EXERCISE = Could you output each line below exactly as it appears, excluding any pictures?

Source records:
Content starts

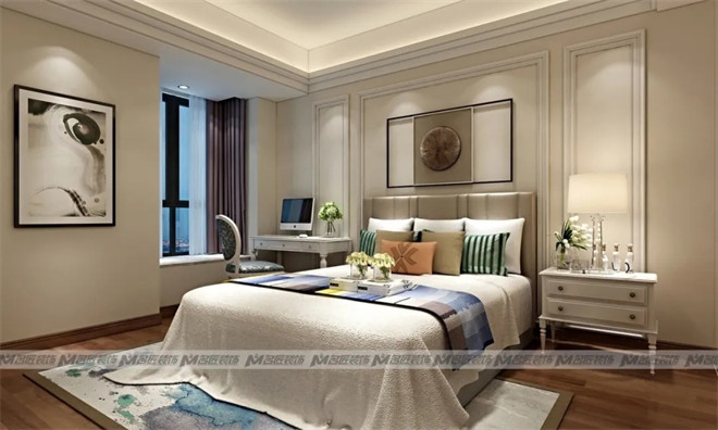 臥室整體色彩靜謐沉穩(wěn),延續(xù)米白色的主色調(diào),搭配棕色的木質(zhì)地板、藍(lán)白相間的幾何圖案地毯,象牙白色的床頭柜,黃銅金屬色的壁燈及油畫,從整體到局部,都給予人更深印象的層次感。
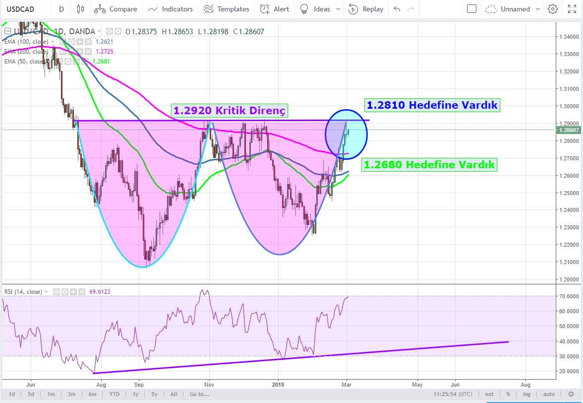 Teknik olarak çift dip formasyonu tamamlamak üzere olan parite 1.2910 üzeri günlük kapanış yaptığında çok daha yukarıları konuşacağız
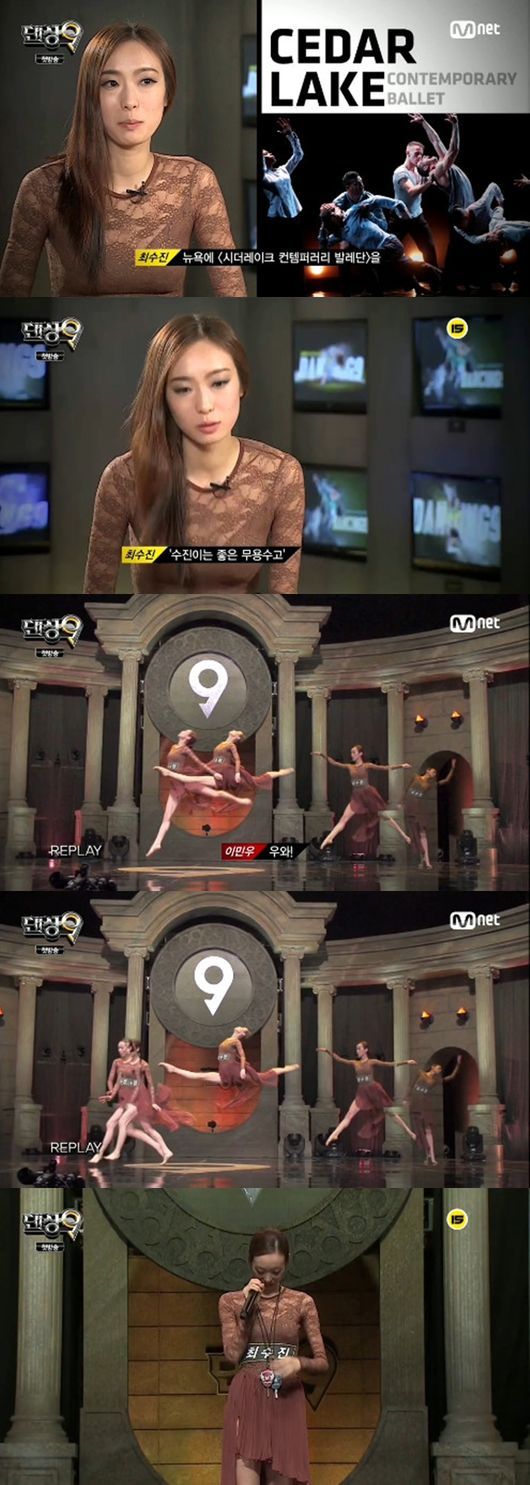 13일 첫 방송된 Mnet '댄싱9‘ 시즌 2에는 뉴욕 시더레이크 컨템퍼러리 발레단에서 활동했던 현대무용가 최수진이 등장해 감동적인 무대를 선보였다.
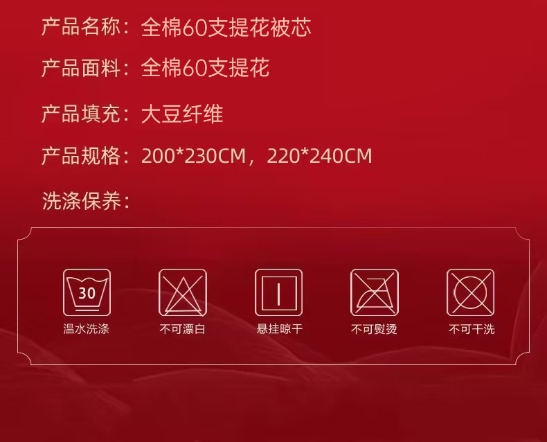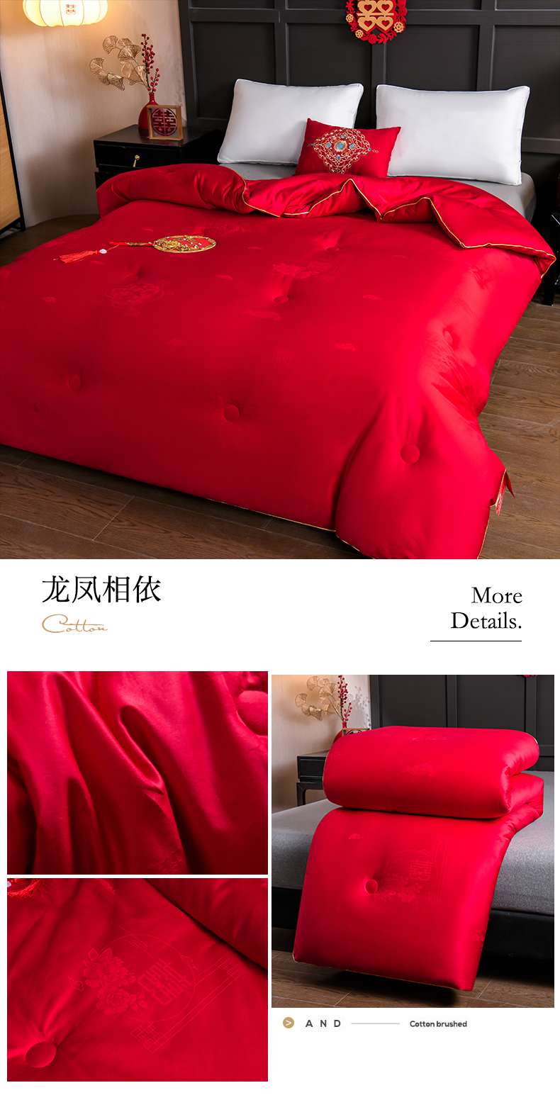 商品名称:壹张床 2026新款全棉纯棉60支提花婚庆喜被冬被被子被芯 龙凤相依
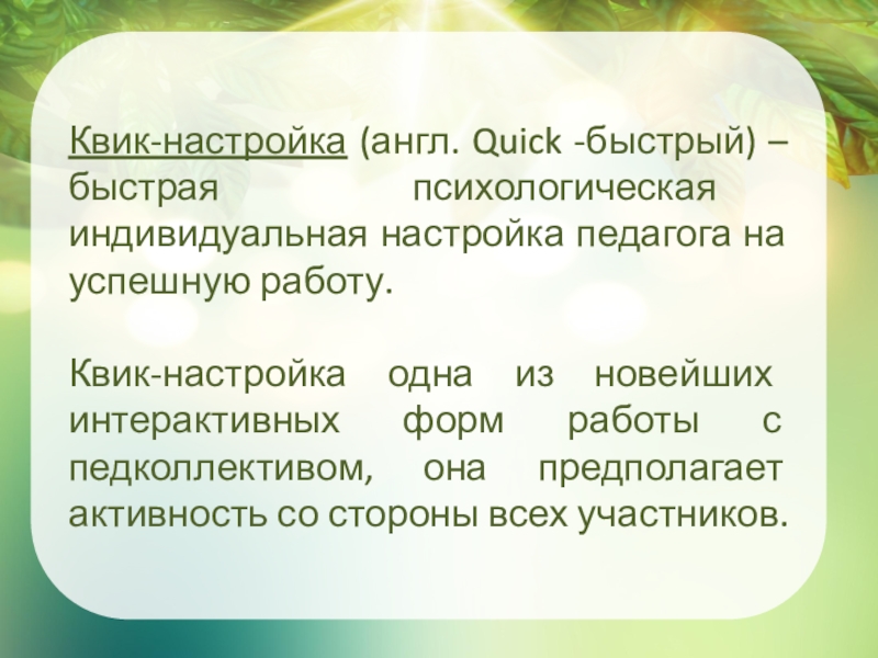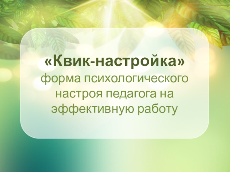Слайд 2Квик-настройка (англ. Quick -быстрый) – быстрая психологическая индивидуальная настройка педагога на
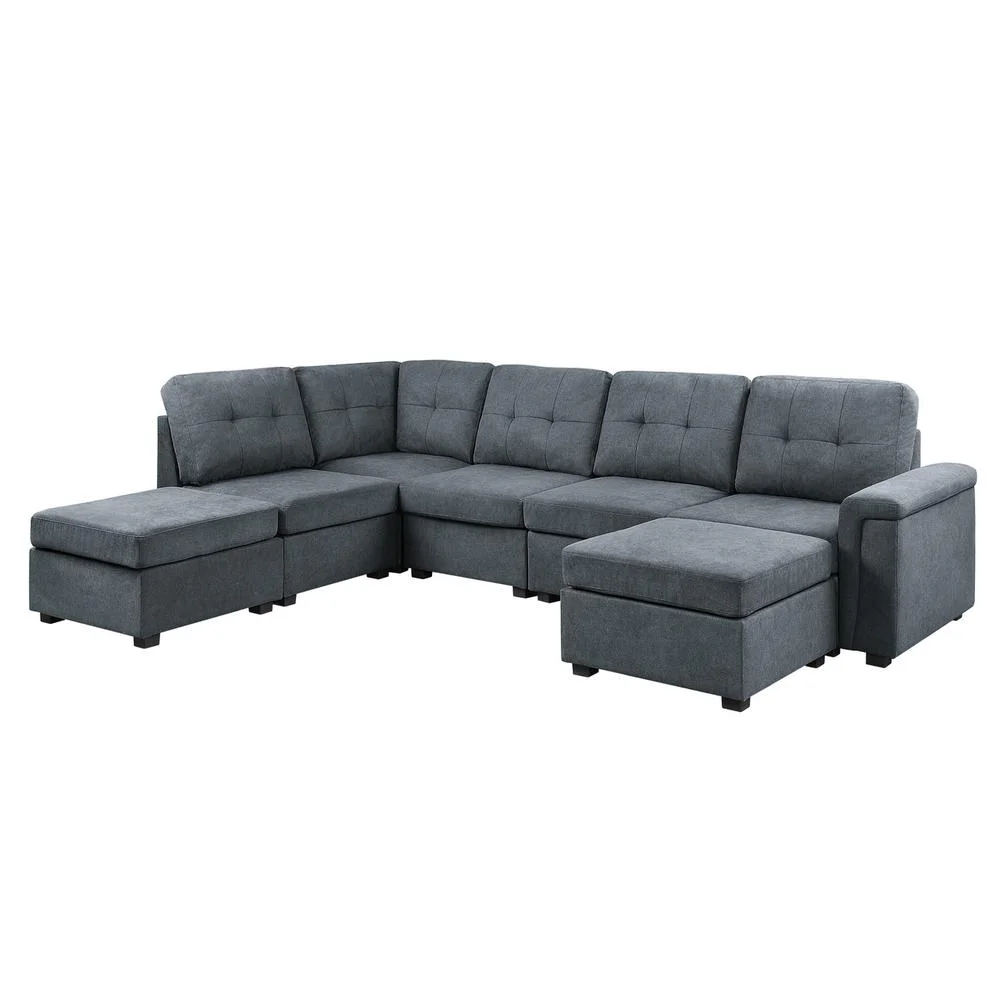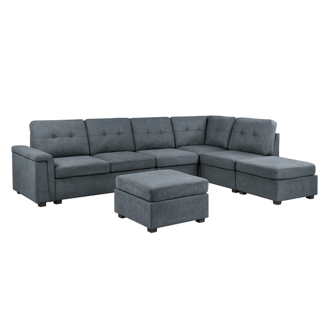 Flexsteel Flex 6-Seat Fabric Sectional with Standard Arm & Ottoman in Gray
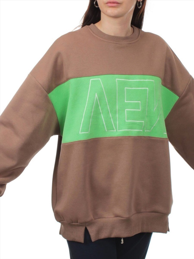2813 BROWN/GREEN Толстовка женская (95% хлопок, 5% спандекс)
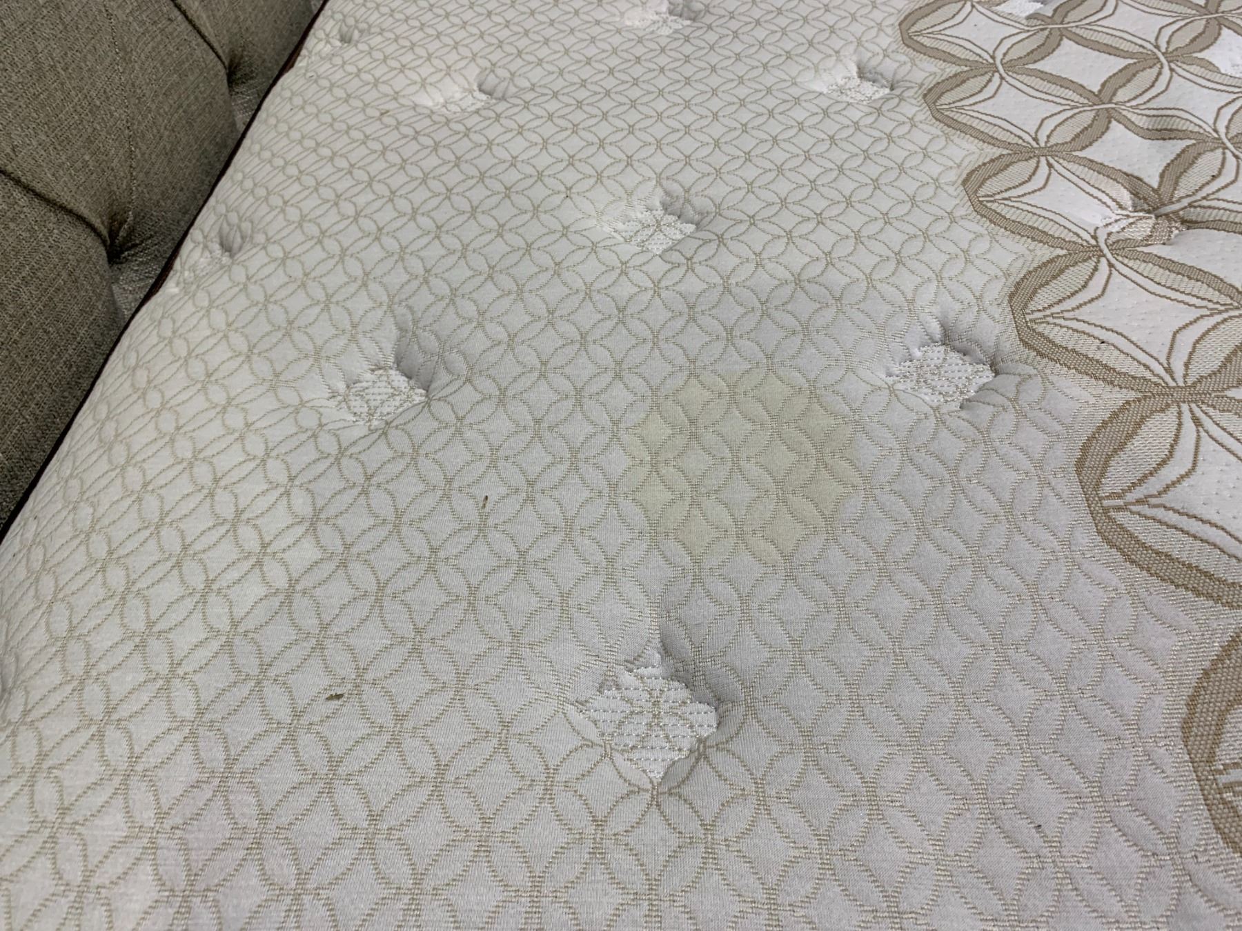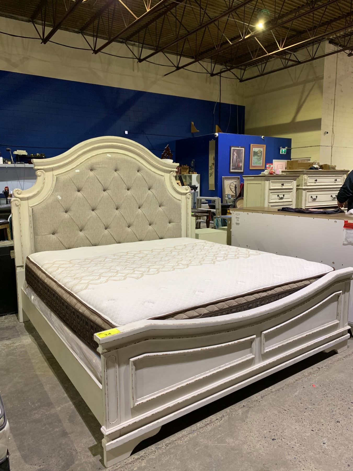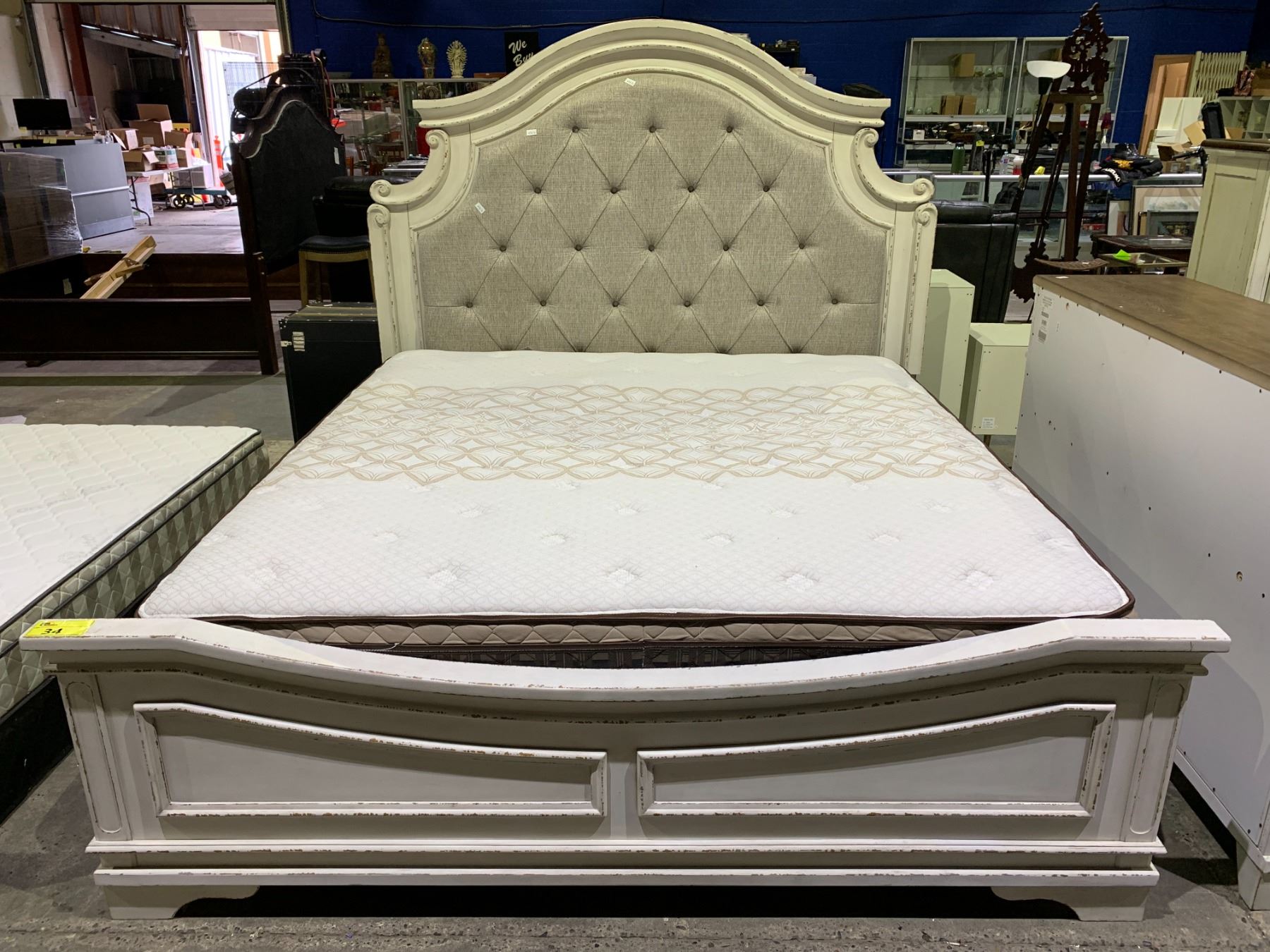 KING SIZE BED WITH MATTRESS & BOX SPRING (SMALL STAIN ON MATTRESS)

Content ends

THE COMPLETED TASK =
 臥室整體色彩靜謐沉穩(wěn),延續(xù)米白色的主色調(diào),搭配棕色的木質(zhì)地板、藍(lán)白相間的幾何圖案地毯,象牙白色的床頭柜,黃銅金屬色的壁燈及油畫,從整體到局部,都給予人更深印象的層次感。
 Teknik olarak çift dip formasyonu tamamlamak üzere olan parite 1.2910 üzeri günlük kapanış yaptığında çok daha yukarıları konuşacağız
 13일 첫 방송된 Mnet '댄싱9‘ 시즌 2에는 뉴욕 시더레이크 컨템퍼러리 발레단에서 활동했던 현대무용가 최수진이 등장해 감동적인 무대를 선보였다.
 商品名称:壹张床 2026新款全棉纯棉60支提花婚庆喜被冬被被子被芯 龙凤相依
Слайд 2Квик-настройка (англ. Quick -быстрый) – быстрая психологическая индивидуальная настройка педагога на
 Flexsteel Flex 6-Seat Fabric Sectional with Standard Arm & Ottoman in Gray
2813 BROWN/GREEN Толстовка женская (95% хлопок, 5% спандекс)
 KING SIZE BED WITH MATTRESS & BOX SPRING (SMALL STAIN ON MATTRESS)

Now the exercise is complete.